Auf der Suche nach einer ganz eigenen Welt schuf Claude Debussy nach dem symbolistisch-irisierenden Schauspiel von Maurice Maeterlinck ein Traumstück, eine introvertiert-verrätselte Oper, aus der die Stimme des Unbewussten zu sprechen scheint. Aller Dramatik entbunden, ist die rezitativisch-deklamatorische Musik laut Debussy »Schilderung dessen, was in der Natur nicht sichtbar ist«. Unterschwellig souffliert sie uns seelische Prozesse von der Entfremdung derer, die ehelich zusammengehören, und vertraut uns die Tragödie zwischen den unglücklich Liebenden Pélleas und Mélisande an. Im Jahre 1902 in Paris uraufgeführt, musste das Werk im einerseits nachwagnerschen und andererseits veristischen Kontext befremden, so singulär kam Debussys »Drame lyrique« daher.
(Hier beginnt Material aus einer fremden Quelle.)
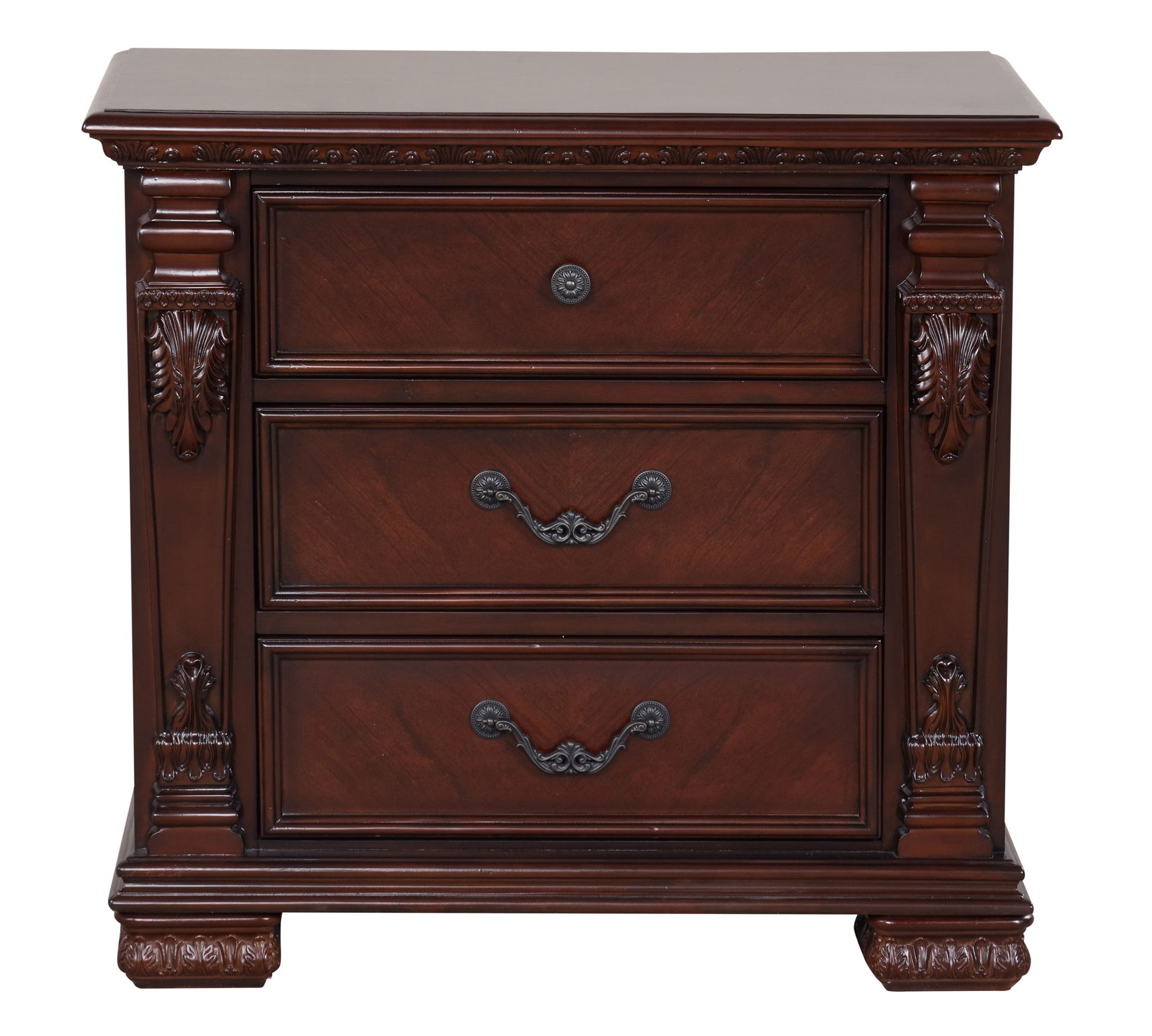 This charming nightstand is a wonderful addition to your bedroom, showcasing both practicality and a refined look. The warm cherry finish on the wood veneers enhances its aesthetic appeal, seamlessly bringing a touch of elegance to your space. With dimensions of 30"H X 33"W X 17"D, this piece is designed to fit nicely next to your bed or sofa without taking up excessive space. The nightstand features two spacious drawers, with the top drawer measuring 20x12x4.5 and being felt-lined to safeguard your jewelry or personal items. The bottom drawer, sized at 20x12x5, provides additional storage options, helping you to keep essentials organized and close at hand. Ease of use is a highlight of this design; the drawers glide open and shut effortlessly thanks to the easy slide ball bearing mechanism integrated into the structure. This nightstand is a blend of functional storage and classic aesthetics, making it an ideal choice for enhancing your bedroom's ambiance.

Doch lange Zeit verging nicht, bis dies unerhört magische Werk seinen Siegeszug um die Welt antrat. Genauso einzigartig wie international erfolgreich für die heutige Zeit ist die längst Kultstatus genießende katalanische Theatergruppe La Fura dels Baus, die das Werk in Szene setzen wird – spektakulär, bewegt, bildgewaltig und abseits jeder Tradition.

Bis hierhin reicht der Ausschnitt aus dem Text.